Cedar River Sockeye Hatchery A Multimillion Dollar Boondoggle

For over a decade sport fishing advocates have been calling for investment in a permanent Sockeye hatchery on the Cedar River. The current hatchery is considered temporary and has been operating since 1991 with capacity to produce 17 million hatchery smolts, the proposed permanent facility would nearly double smolt production from current levels and is expected to cost Seattle Public Utilities approximately 12 million dollars . Lake Washington supports one of the most popular salmon fisheries in the state, however recent returns of sockeye have been well below the 350,0o0 fish needed to open the fishery. Last year only 22,166 fish returned, the worst run on record.

A recent report from WDFW strongly suggests that adding more sockeye fry to the Lake Washington system would likely not result in a larger return of adult fish. Sockeye rear one or two years in the lake prior to migrating to sea and it is now believed that density dependent competition for resources is the primary limiting factor in the productivity of the Cedar population. Given these findings, adding more sockeye fry to the system would only compound the problem. Furthermore, sockeye are not native to the Cedar River and were originally transplanted from Baker Lake in the Skagit drainage in the early 1900s and more hatchery supplementation in the system could potentially increase competition for resources with ESA listed Chinook and Coho both of which are native to the Cedar.
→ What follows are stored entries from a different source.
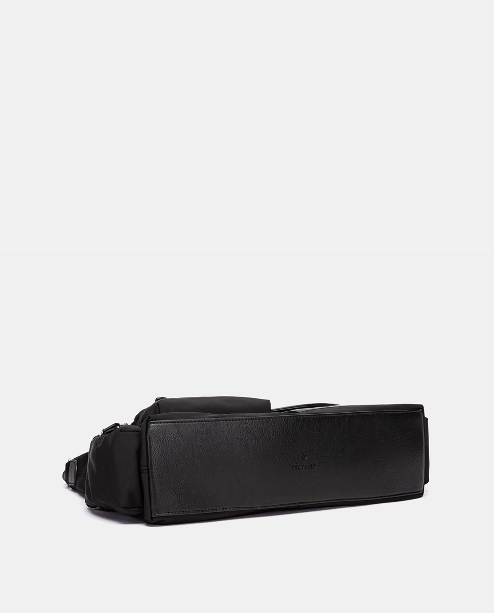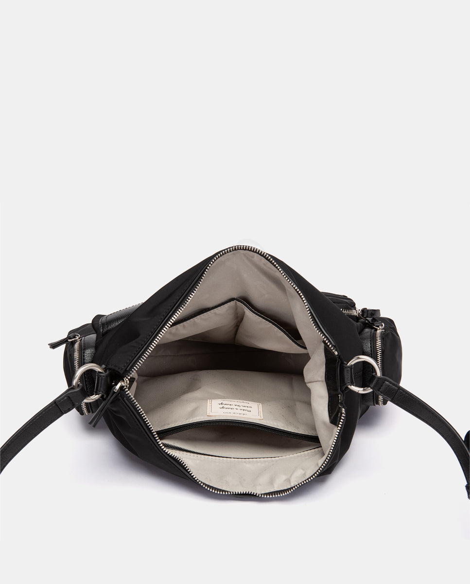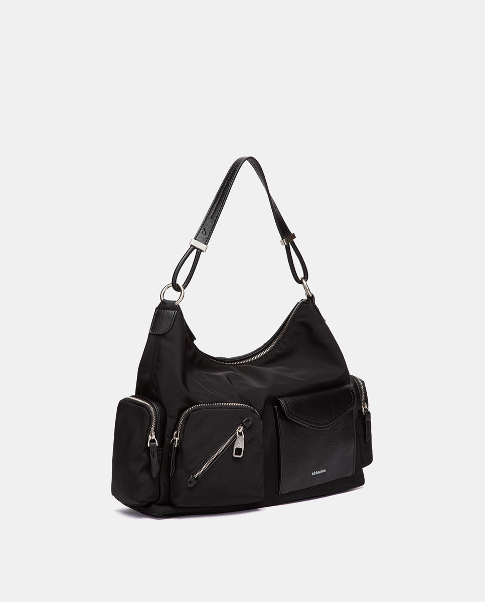 Umhängetasche im Hobo-Stil aus recycelten Stoffen, die zwei verschiedene Texturen kombinieren und hervorragende Funktionalität bieten. Seine Hauptmerkmale sind: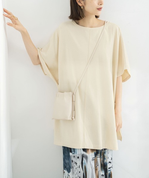 【カジュアルながらも女性らしさを引き立てるBIGTEE】 存在感のあるオーバーサイズのTシャツ。ワイドシルエットですが、少し開いた首元がカジュアルさを軽減します。程よく厚みのある生地感で体のラインを拾いすぎず、1枚着でも映えるトップスです。 POINT ・体型カバーが叶うシルエット ・カジュアル過ぎないデザイン ・綿100%のサラッとした素材 COORDINATE シルエットが際立つよう、タックインせずサラッと着るのがおすすめ。着回し力が高いので色違いでお持ちいただくのも◎ ----------------------------- 透け感 : ややあり(OFFのみ) 伸縮性 : ややあり 裏地 : なし 光沢 : なし ポケット : なし ----------------------------- ※この商品は、特殊な加工をしているため、色合いや風合いが一枚一枚異なります。あらかじめご了承ください。 ※商品画像は、光の当たり具合やパソコンなどの閲覧環境により、実際の色味と異なって見える場合がございます。予めご了承ください。 ※商品の色味の目安は、商品単体の画像をご参照ください。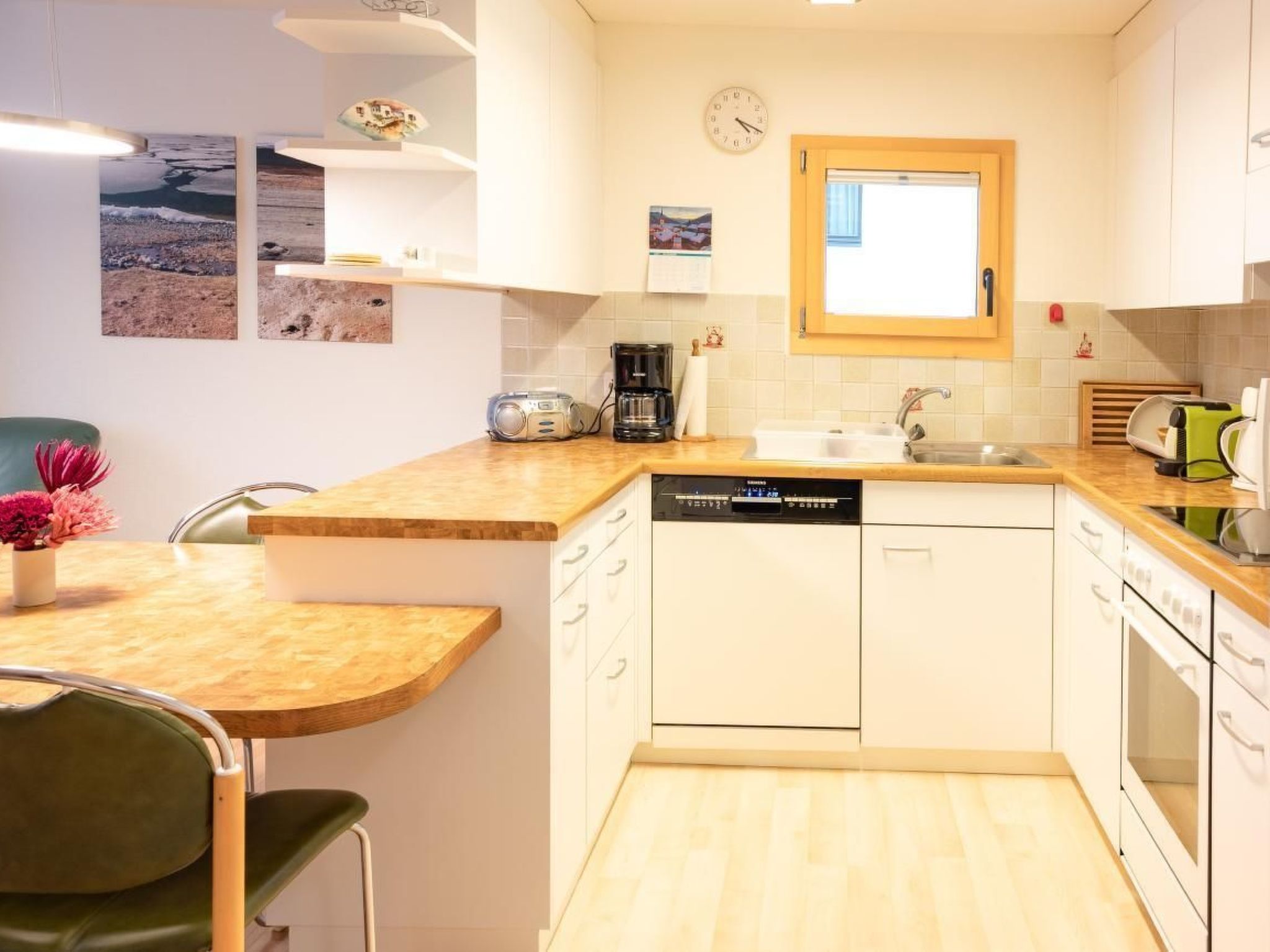 The separate kitchen with dining table for 4 people is equipped with a refrigerator with integrated freezer compartment, oven, stove, dishwasher, Nesspresso coffee machine.
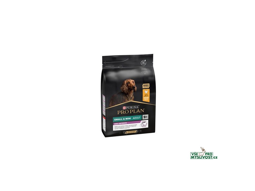 PRO PLAN® Small & Mini Adult 9+ s OPTIAGE® je kompletní krmivo pro psy malých a mini plemen starší 9 let. Krmivo s OPTIAGE®, vytvořené na základě nejnovějších vědeckých poznatků z oblasti výživy psů našimi veterináři a specialisty na výživu, obsahuje patentovanou* směs živin, včetně triglyceridů se středním řetězcem (MCTs 5.5%), která napomáhá psům starším 9 let zůstat aktivní a čilí po delší dobu. Také pomáhá zvyšovat zájem starších psů o hraní, takže si s nimi můžete užívat aktivní život co nejdéle.Pro výrobu krmiva používáme pouze vysoce kvalitní suroviny, které šetrně zpracováváme tak, aby si uchovaly co nejvyšší kvalitu a nutriční hodnotu. Granule, které se dají snadno žvýkat, jsou speciálně upravené pro malé tlamičky psů.

Still, sport fishing groups have continued to call for increased hatchery production despite the history of failure, poor performance of the current hatchery facility and the scientific evidence suggesting that the new hatchery would be a multi-million dollar waste of money. Instead Seattle Public Utility should use those funds to buy any available floodplain lands on the lower Cedar, restoring much needed connectivity to critically important floodplain habitats. Such off-channel and floodplain habitats are thought to be limiting factors in the productivity of coho and are also important for chinook. Flooding on the Cedar in recent years has caused millions of dollars of damage to homes, highlighting the need to move development out of the historic floodplain whenever possible.